Awards recommended for 2022 were almost certainly on the mean side since, when evidence was taken last spring, consumer prices were way below double-digits.

There is a strong case for the outcomes to be reviewed and/or an upward adjustment made in the 2023 pay round, which is only months away. The second Government case is that over-compensation in the public sector would encourage a wage price spiral.

This is debatable. Much of the private sector has settled with big employers, such as the car makers and banks, preferring to make generous payouts (on average 6.6 per cent) rather than lose production or sacrifice services. It is possible that colleagues will come back with heavier demands next year if they see double-digit price rises.

Technically, strikes by the CWU against the Royal Mail and the RMT against the rail owners are not strictly in the public sector.

However, without accompanying productivity agreements, all over-ambitious wage deals will do is see a transfer of mail deliveries to more flexible logistics companies (as seen over Christmas) and commuters even more alienated by the railways.

The risk isn’t a wage prices spiral but a terminal financial crisis for the employers.

Could the Government afford to accede to the demands of nurses, ambulance drivers, border staff and the like?

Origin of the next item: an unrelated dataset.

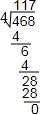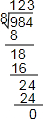 | 574÷6= | 729÷9= | 468÷4= | 984÷8= |
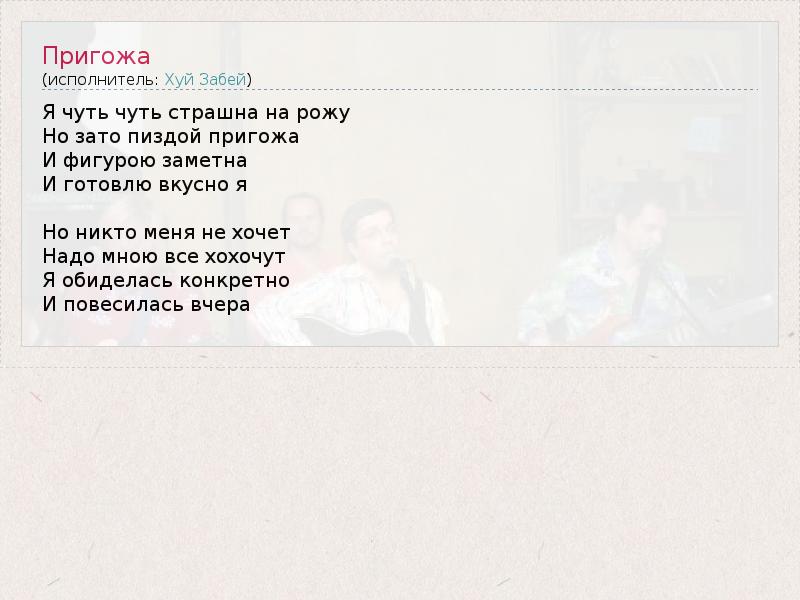 Это интересно:«Хуй Забей» — советская/российская авангардная панк-группа, которую основали в 1989 году школьные друзья «Бигимот» и «Карабас». Ансамбль исполняет панк-рок с нецензурными шуточными текстами, в значительной степени состоящими из мата.До определённого времени тайно, под псевдонимом «Марья Искусница», в записях группы принимала участие певица... продолжение

It could pay for them by further cuts in services. That would not be a desirable outcome in the NHS.

Or it could raise borrowing or taxation. More borrowing in a fragile gilts market, still impacted by the ‘moron premium’ of Liz Truss, might be risky.

Raising taxes would be un-Tory. Moreover, permanent increases add to the budgetary burdens of future generations as public sector workers are a fiscal liability because of unfunded, defined benefit pensions.

A series of shocks, the financial crisis, Covid and Ukraine have made the UK less well-off since 2008. Giving in to extravagant demands without radical reforms to working practices adds to wealth destruction.